Transcription

Direct observation of DNA rotation during transcription by Escherichia coli RNA polymerase. Harada, Y. et al. Nature 409 , 113?115 (2001) [Contents page]

Several years ago Kazuhiko Kinosita Jr and colleagues used an elegant single-molecule imaging system to show direct rotation of the F1-ATPase. Now they've done it again, this time with a DNA-based motor ? RNA polymerase. They show, in real time, that single RNA polymerase molecules attached to a glass surface can rotate DNA for over 100 revolutions, and predict that this technique could help in resolving the individual steps of transcription.

Immunology

ICOS co-stimulatory receptor is essential for T-cell activation and function. Dong. C. et al. Nature 409 , 97?101 (2001) [Contents page]

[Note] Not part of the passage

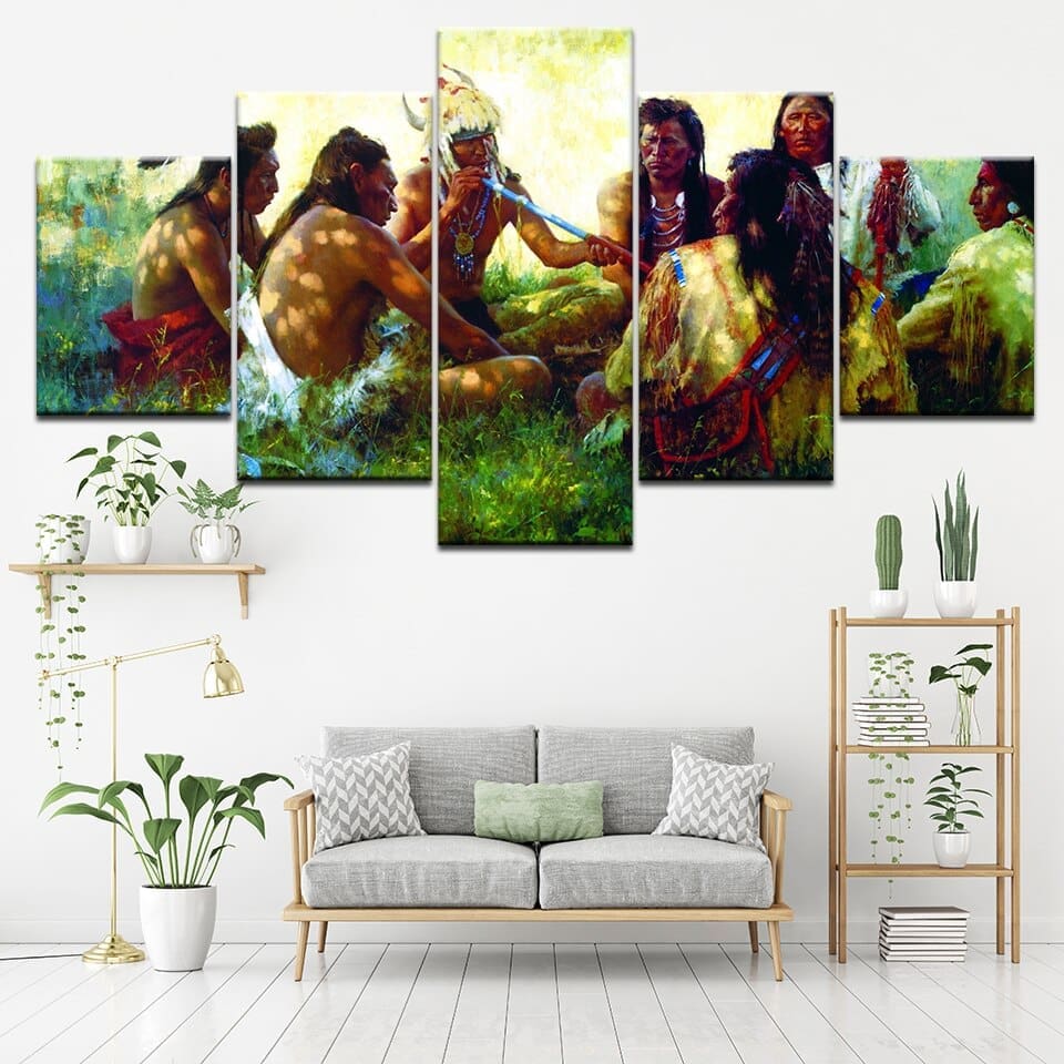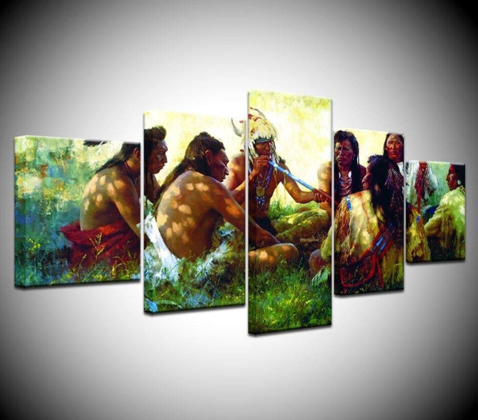 Passionnés de cultures autochtones ? Découvrez notre captivant Tableau des Guerriers Cheyennes en cinq panneaux.

ICOS is critical for CD40-mediated antibody class switching. McAdam, A. J. et al. Nature 409 , 102?105 (2001) [Contents page]

ICOS is essential for effective T-helper-cell responses. Tafuri, A. et al. Nature 409 , 105?109 (2001) [Contents page]

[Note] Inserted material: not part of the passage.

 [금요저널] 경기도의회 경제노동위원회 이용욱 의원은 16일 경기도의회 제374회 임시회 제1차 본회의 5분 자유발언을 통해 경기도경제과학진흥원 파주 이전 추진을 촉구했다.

Optimal T-cell activation requires an antigen-specific signal as well as a co-stimulatory signal which influences T-cell proliferation, cytokine secretion and the development of effector functions. ICOS is a member of the CD28/CTLA4 family of costimulatory molecules, and is expressed on activated T cells. Its ligand, B7RP-1/B7H, is expressed on B cells and macrophages. So this pair of molecules does not seem to be involved in initial T-cell activation, but at a later stage during T-cell interactions with B cells and macrophages. To characterize the function of ICOS, three groups have now generated ICOS-deficient mice. They show that ICOS is essential for efficient T/B-cell interactions and for antibody production in response to T-cell-dependent antigens. Knockout mice have defective germinal centre formation and immunoglobulin class-switching, as well as decreased T-cell production of interleukin-4 and interleukin-13. Further work is required to understand the complex nature of costimulation so that therapies can be designed to treat immune-mediated diseases.

Apoptosis

An alternative, nonapoptotic form of programmed cell death. Sperandio, S. et al. Proc. Natl Acad. Sci. USA 97 , 14376?14381 (2000) [PubMed]

The terms 'apoptosis' and 'programmed cell death' are often used interchangeably, but this paper describes a form of programmed cell death that fails to fulfil the criteria for apoptosis. Christened paraptosis ('next to' or 'related to' apoptosis), this form of cell death has a distinct morphology and biochemistry to apoptosis, it shows no response to caspase inhibitors or Bcl-xL, and it is mediated by an Apaf-1-independent caspase-9 activity.